I have been thinking about solving equations involving several groups of floor functions. My research on solving floor function equations has only shown sums of individual floors, such as:
$\lfloor f(x) \rfloor + \lfloor g(x) \rfloor + \lfloor h(x) \rfloor = \lfloor i(x) \rfloor$
However, I have not found an example in which there are floors multiplied together, such as:
$\lfloor f(x) \rfloor \lfloor g(x) \rfloor + \lfloor h(x) \rfloor \lfloor i(x) \rfloor = 0$
I cannot figure out how to solve such a problem.
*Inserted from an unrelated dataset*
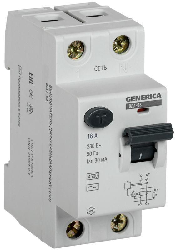 Быстродействующий защитный выключатель ВД1-63 (УЗО) GENERICA - устройство электронного типа, зависящее от напряжения и реагирующее на дифференциальный ток, без встроенной защиты от сверхтоков. Предназначен для защиты человека от поражения электрическим током.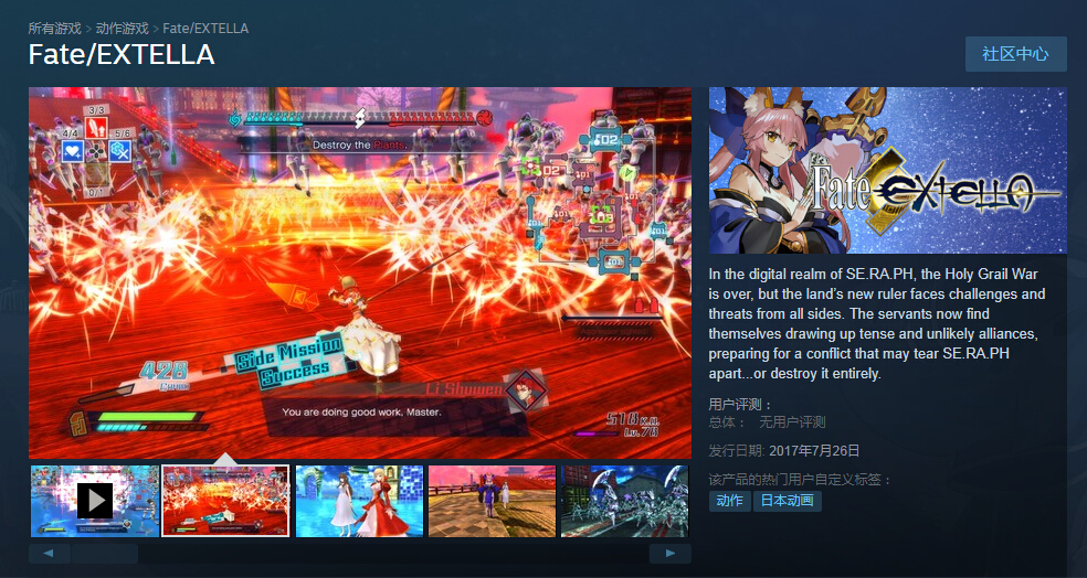 《Fate/EXTELLA》PC版页面今日在Steam平台上开启

As an example, I have the equation:
$\Bigl\lfloor \sqrt{2x + \frac{1}{2}} \Bigr \rfloor \lfloor x \rfloor - \frac{1}{2} \Bigl \lfloor \frac{\sqrt{8x} - 1}{2} \Bigr \rfloor^2 \Bigl \lfloor \sqrt{2x + \frac{1}{2}} \Bigr \rfloor - \frac{1}{2} \left( \frac{\sqrt{8x} - 1}{2} \right) \left( \sqrt{2x + \frac{1}{2}} \right) - P = 0$
I have attempted to break this into pieces, and set them equal to each other, however, the solutions which I have found do not seem to relate to one another, and do not give me an overall solution. What should I do?